Renal function decline is undesirable consequence of surgical expiration of renal parenchyma, predisposing patient to end-stage renal disease and adverse cardiovascular outcome [26]. In this study, no significant decline in renal function was observed between patient’s baseline and one-year post-ablation follow-up. Importantly, this renal outcome remained unchanged at an intermediate follow-up time at 2.5 years. Because our patient underwent nephrectomy and thus predispose to CKD, one critical analysis is to assess disease progression following thermal ablation. There was no significant upstaging of CKD in patients with preexisting disease and minimal new onset of CKD in healthy patients. However, one patient (9%, 1/11) with solitary kidney due to prior radical nephrectomy experienced progressive disease from stage 3A to 4. Given no significant decrease in renal function post-ablation, this particular case may represent the natural expected course of renal decline from solitary kidney and may not necessarily indicative of an adverse impact of thermal ablation on renal function. Regardless, none of the patients requires either temporary or permanent dialysis because of end-stage renal disease.

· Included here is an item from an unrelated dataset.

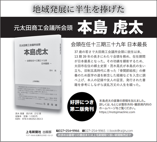書籍完成に当たって、執筆していただいた茂木晃先生、書籍の帯を記載していただいた石原信雄 元官房副長官をはじめ、書籍作成に協力していただいた諸先生方、関係者の方々、資料提供していただいた熊本五高記念館 藤本秀子氏、松田賢治 太田商工会議所顧問、太田商工会議所関係者の皆様、上毛新聞社 一倉基益氏に心より感謝を申し上げます。

The result of this study confers the renal protective property of thermal ablation for recurrence disease, similar to those reported for primary RCC in patients with preexisting CKD, solitary kidney or multifocal disease requiring multiple ablations [11, 27, 28].

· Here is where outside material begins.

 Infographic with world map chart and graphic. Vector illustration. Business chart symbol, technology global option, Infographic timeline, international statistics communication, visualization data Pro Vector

Our study has several limitations. Firstly, the retrospective design and small patient cohort inherently limit the strength of our results. Given the rarity of cases limited to loco-regional recurrence after nephrectomy, a multicenter collaboration would be necessary to conduct prospective clinical trials or retrospective database queries to more clearly define the roles of salvage thermal ablation in sizable patient cohorts. Secondly, direct comparison between thermal ablation and other treatment modalities such as surgery, active surveillance and systemic therapies was not made in the present study; therefore, we cannot draw definite conclusions to recommend the use of salvage thermal ablation. However, our experience yielded encouraging results that may stimulate prospective clinical trials, can rigorously evaluate treatment outcomes and identify patient populations that respond better to certain therapies, ultimately establishing a rational treatment protocols for locally recurrent RCC.

Conclusion

Image-guided percutaneous thermal ablation is a safe and effective salvage treatment option for recurrent renal masses following nephrectomy. Prospective trials should be prioritized to provide quality evidence to establish the clinical outcomes of salvage thermal ablation in comparison with existing treatment regimens for locally recurrent RCCs following nephrectomy.